TORONTO — Le plus haut tribunal de l’Ontario a rejeté la requête intentée par une famille de la région de Toronto qui se battait pour que sa fille soit maintenue en vie artificiellement, même si les médecins avaient conclu à sa mort cérébrale.
La Cour d’appel a toutefois refusé de se prononcer sur l’opportunité d’appliquer des critères d’accommodements religieux lorsque vient le temps de déterminer si une personne est morte.
Dans une décision unanime de trois juges, la Cour d’appel conclut que même si la loi en Ontario ne donne pas une définition précise de la mort, la «common law» au Canada considère qu’une personne est morte lorsqu’il y a cessation irréversible des fonctions cardiorespiratoires ou cérébrales.
Le tribunal estime toutefois que les informations dont il dispose dans cette cause ne sont pas suffisantes pour régler les questions qui sont au cœur de cette affaire — notamment si les critères actuels utilisés pour déclarer la mort violent le droit constitutionnel à la liberté de religion.

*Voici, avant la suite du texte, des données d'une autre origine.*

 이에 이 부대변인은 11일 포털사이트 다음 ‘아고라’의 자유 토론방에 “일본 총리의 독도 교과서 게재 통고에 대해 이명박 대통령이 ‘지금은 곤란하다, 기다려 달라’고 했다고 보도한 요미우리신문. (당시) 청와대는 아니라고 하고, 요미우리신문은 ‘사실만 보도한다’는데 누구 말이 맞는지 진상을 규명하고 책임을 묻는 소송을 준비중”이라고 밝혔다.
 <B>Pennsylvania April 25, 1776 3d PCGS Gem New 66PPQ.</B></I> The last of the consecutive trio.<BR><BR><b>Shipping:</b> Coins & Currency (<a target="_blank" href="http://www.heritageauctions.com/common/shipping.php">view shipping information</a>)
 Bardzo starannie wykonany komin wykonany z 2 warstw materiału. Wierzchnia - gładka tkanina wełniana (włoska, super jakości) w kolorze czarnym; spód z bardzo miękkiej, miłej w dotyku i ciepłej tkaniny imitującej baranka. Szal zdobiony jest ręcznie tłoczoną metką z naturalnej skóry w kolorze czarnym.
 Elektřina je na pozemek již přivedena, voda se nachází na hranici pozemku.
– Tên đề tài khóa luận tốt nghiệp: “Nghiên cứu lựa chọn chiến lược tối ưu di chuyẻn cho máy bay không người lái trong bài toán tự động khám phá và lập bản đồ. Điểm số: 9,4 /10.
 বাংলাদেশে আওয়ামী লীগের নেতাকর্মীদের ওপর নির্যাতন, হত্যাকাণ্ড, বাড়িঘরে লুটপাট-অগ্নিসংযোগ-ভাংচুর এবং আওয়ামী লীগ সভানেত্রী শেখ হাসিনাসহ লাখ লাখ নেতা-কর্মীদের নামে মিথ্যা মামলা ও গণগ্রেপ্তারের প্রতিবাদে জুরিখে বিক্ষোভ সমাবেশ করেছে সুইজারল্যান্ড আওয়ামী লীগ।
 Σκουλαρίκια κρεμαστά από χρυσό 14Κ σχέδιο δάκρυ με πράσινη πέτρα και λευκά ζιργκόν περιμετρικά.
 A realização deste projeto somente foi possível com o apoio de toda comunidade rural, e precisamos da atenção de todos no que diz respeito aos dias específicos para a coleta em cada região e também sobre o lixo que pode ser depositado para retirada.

La Cour d’appel note également que la femme au cœur du recours, Taquisha McKitty, est depuis décédée — selon les critères à la fois neurologiques et cardiovasculaires —, ce qui rend le jugement sans objet. Le tribunal admet toutefois que les mêmes questions se poseront probablement dans d’autres affaires et il énonce des lignes directrices sur la manière d’évaluer ces arguments à l’avenir, soulignant que la juge de première instance avait commis plusieurs erreurs.
La Cour a notamment estimé que la juge avait affirmé à tort que Taquisha McKitty ne pouvait pas être protégée par la Charte canadienne des droits et libertés de la personne, car une patiente déclarée cliniquement morte n’est pas juridiquement une «personne».
Le coeur qui bat
Mme McKitty avait 27 ans lorsque les médecins l’ont déclarée «morte selon les critères neurologiques», en septembre 2017, à la suite d’une surdose de drogue qui l’avait laissée inconsciente.
Ses proches se sont alors tournés vers les tribunaux pour empêcher les médecins de débrancher les appareils qui la maintenaient en vie: ils soutenaient que la foi chrétienne de la patiente définissait la mort comme l’absence de battements du cœur, et non la cessation des fonctions cérébrales.
Or, ils ont fait valoir que la Charte canadienne des droits et libertés obligeait les médecins à s’accommoder aux croyances religieuses de la patiente au moment de déterminer le décès, et ils ont obtenu une injonction pour garder Mme McKitty sous respirateur jusqu’à ce que la cause soit entendue sur le fond. Mais une juge de la Cour supérieure de l’Ontario a par la suite débouté en juin 2018 la famille, qui a interjeté appel.
L’avocat de la famille, Hugh Scher, a indiqué mercredi que ses clients n’avaient pas encore décidé s’ils demanderaient l’autorisation d’interjeter appel de cette décision en Cour suprême du Canada.
Le père de Mme McKitty, Stanley Stewart, a réitéré sa conviction que des accommodements religieux sont nécessaires pour déterminer si une personne est décédée.
«Si on ne peut pas s’appuyer sur ses valeurs et ses croyances religieuses les plus sacrées au moment même de sa mort, au moment où on espère le plus y puiser du réconfort, on doit alors se demander que vaut la protection constitutionnelle des libertés religieuses et de l’égalité.»